Но чуть позже ей пришлось признать, что она ошибалась: сколько она ни умоляла Уильяма уехать из Мельбурн-Хаус, чтобы не видеться с его матерью, он оставался непреклонен, и его доводы были не лишены здравого смысла.

— Я опасаюсь, что переезд дурно скажется на твоем здоровье, милая, и мне бы не хотелось расстраивать маму — она так мечтала, чтобы мы жили все вместе, и потратила целое состояние на обустройство наших комнат. Кроме всего прочего, ты не подумала о финансовой стороне вопроса — я вряд ли смогу достойно содержать тебя и наших детей, имея доход в две тысячи фунтов. Ты вообще представляешь, сколько мы с тобой тратим? — сказал Уильям.

— Мы можем жить на Кэвендиш-сквер; мама будет только рада, — ответила Каро.

— Любимая, ты понимаешь, что это не только смертельно обидит мою мать, но и будет выглядеть как открытая вражда между нашими семьями?

— Это наш единственный шанс, Уильям! Мы снова будем счастливы, как прежде! Если ты действительно любишь меня, ты должен согласиться не видеться со своей матерью по крайней мере в течение ближайших шести месяцев.

— Ты просишь невозможного, Каро! Я готов признать, что мама поступила по отношению к тебе плохо, но теперь все в прошлом, и я по-прежнему люблю ее и благодарен ей за заботу о нас и о нашем сыне. Она признала свою ошибку и постарается впредь вести себя иначе. Кстати, если ты заметила, она ни разу не появлялась в наших комнатах без приглашения.

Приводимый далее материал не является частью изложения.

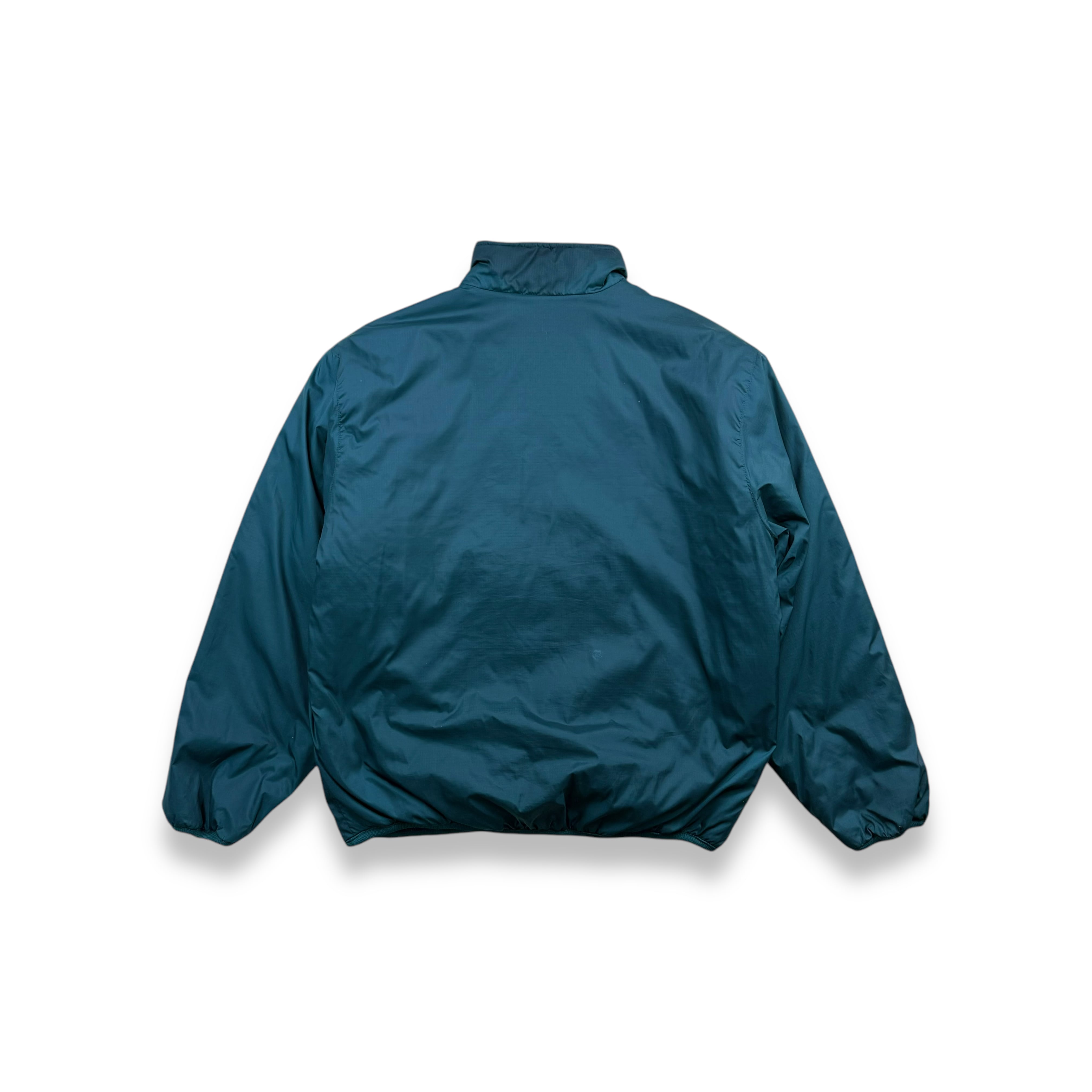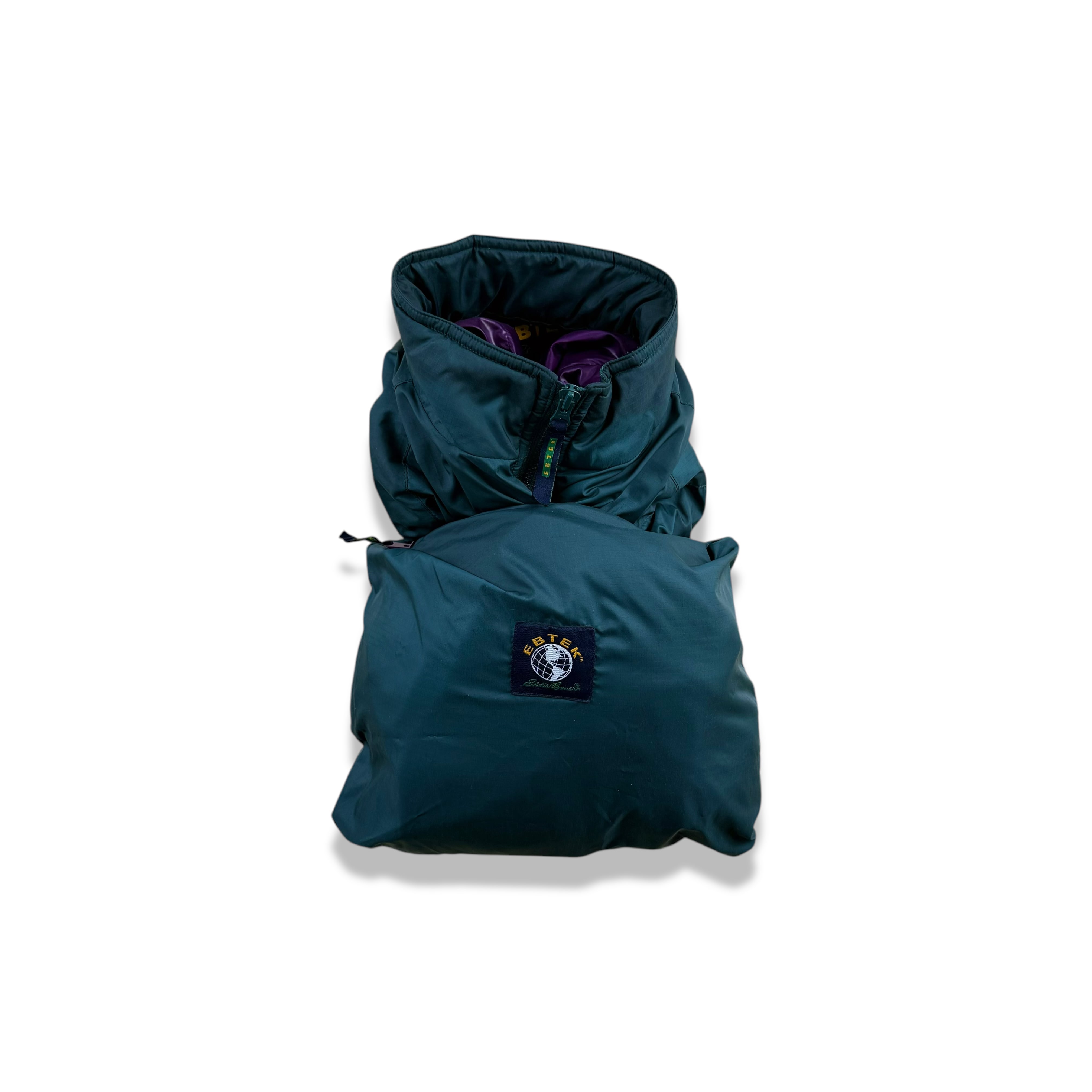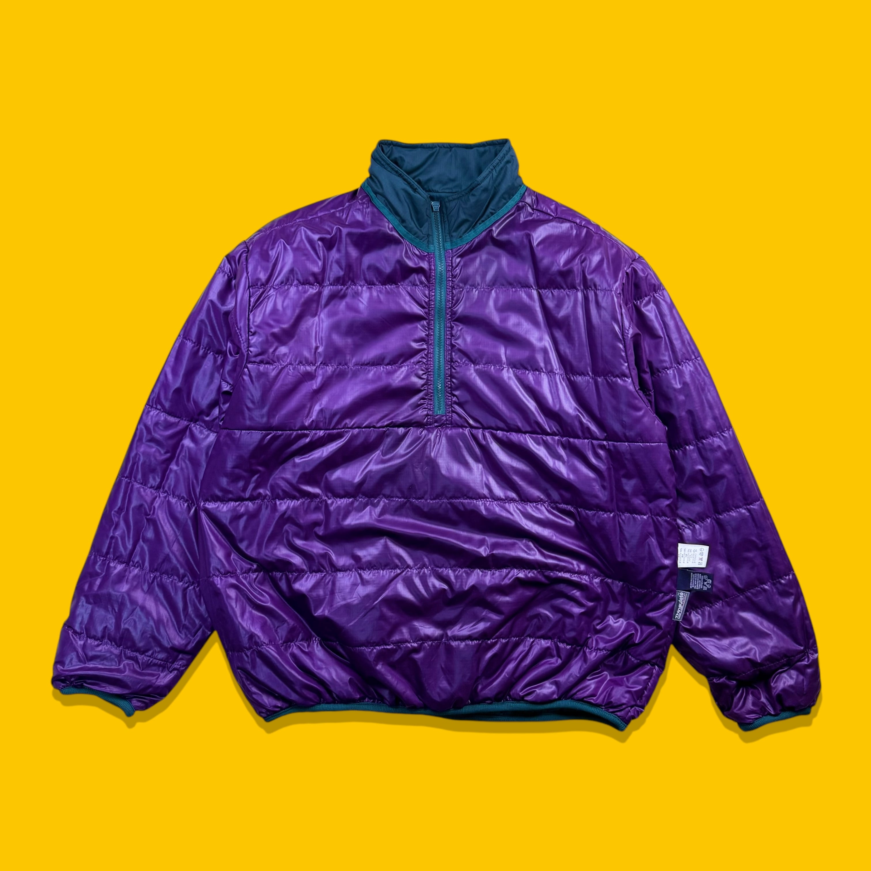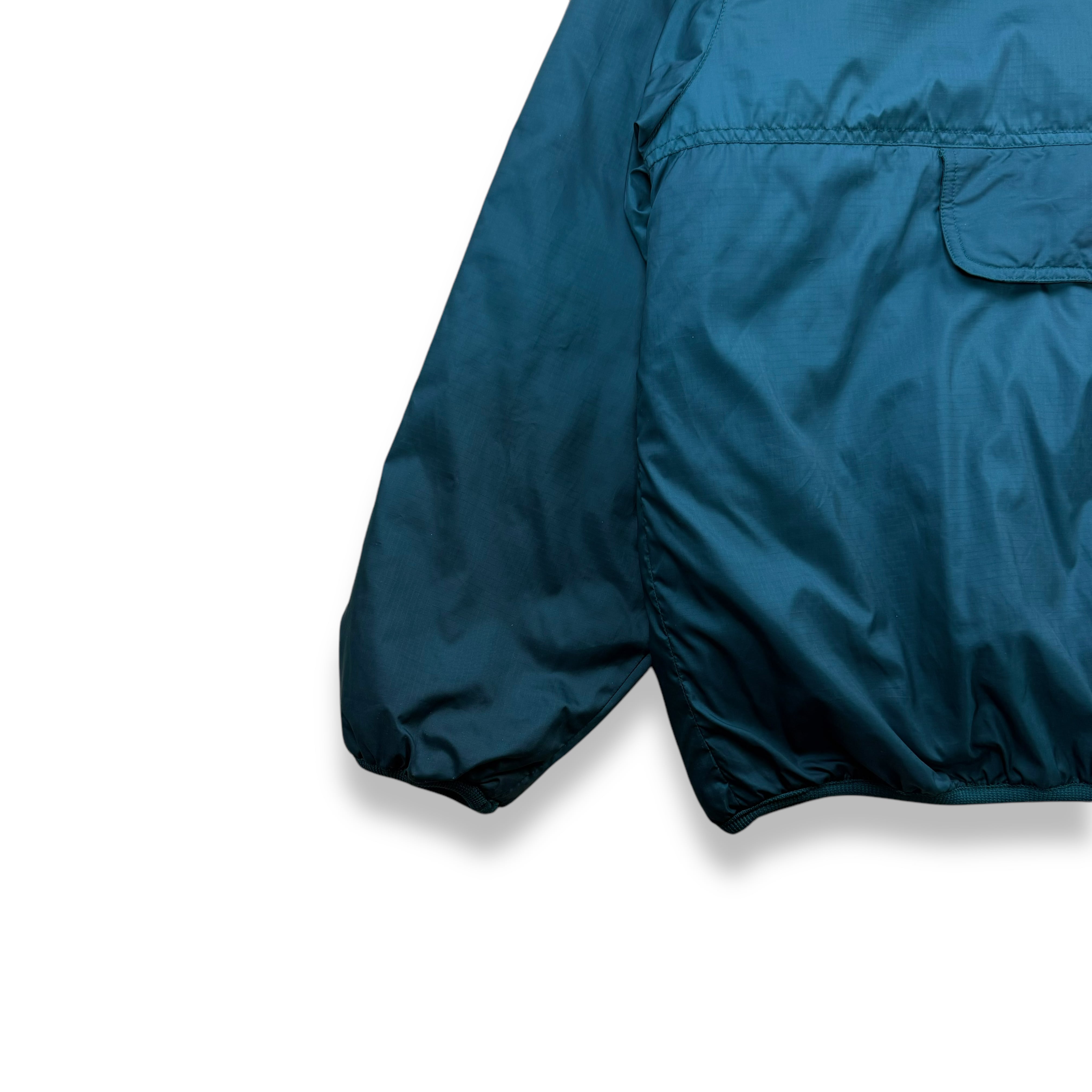 90年代 Eddie Bauer のテクニカルライン EBTEK(Eddie Bauer Technology) より登場した、ハーフジップ仕様の中綿入りプルオーバージャケット。ターコイズグリーンのボディに、ライニングのパープルが差し色として効く、EBTEKらしい独特の配色が魅力です。

— Конечно, ей вполне достаточно того, что ты ежедневно заходишь в ее собственные апартаменты! Господи, Уильям, как ты мог так легко простить ей все эти ужасные вещи, которые она наговорила обо мне и о нашем ребенке?

— Ну почему ты так безжалостна к ней, Каро! Мама так горячо раскаивается в своих словах, и тебе лучше, чем кому-либо другому, должно быть понятно ее состояние. Разве ты сама никогда не обижала меня в пылу ссоры?

— Вот именно — в пылу ссоры, но она была холодна, как снежная вершина Монблана!

— Возможно, она проявляет свои эмоции не столь открыто, как ты.

— Я бы никогда не обвинила женщину в том, что она сама ненормальна настолько, что произвела на свет душевнобольное дитя!

— Каро!

— Да! Да! Она обвинила меня именно в этом! — закричала Каро, более не в силах сдерживаться. — Как она посмела?! Как она могла сказать такое про нашего сына?! С ним все в порядке, сегодня утром он мне улыбнулся и попытался произнести слово «мама»… И он… и он дергал за веревочки того деревянного шута, которого ты ему подарил, и заставлял его танцевать…

— Да, он чудесный малыш, — мягко сказал Уильям. — Моя мать конечно же совершила ошибку, но, поверь, она искренне беспокоится о здоровье нашего мальчугана.

— Она ненавидит меня… Возможно, она надеется, что наш ребенок умрет и у меня больше никогда не будет других детей…

— Каро, что ты такое говоришь?! Это ужасно… и совершенно абсурдно!

— Да, но ведь твоя мать считает меня именно такой — порочной, испорченной, плохой… И в придачу к этому сумасшедшей! — истерично расхохоталась Каро. — Когда-нибудь она и тебя заставит поверить в это. Разве это не достаточно веская причина, чтобы уехать отсюда, пока не родится наш ребенок?!

— Она никогда не говорила о тебе ничего подобного, но даже если бы это было так, неужели ты думаешь, что я бы стал ее слушать?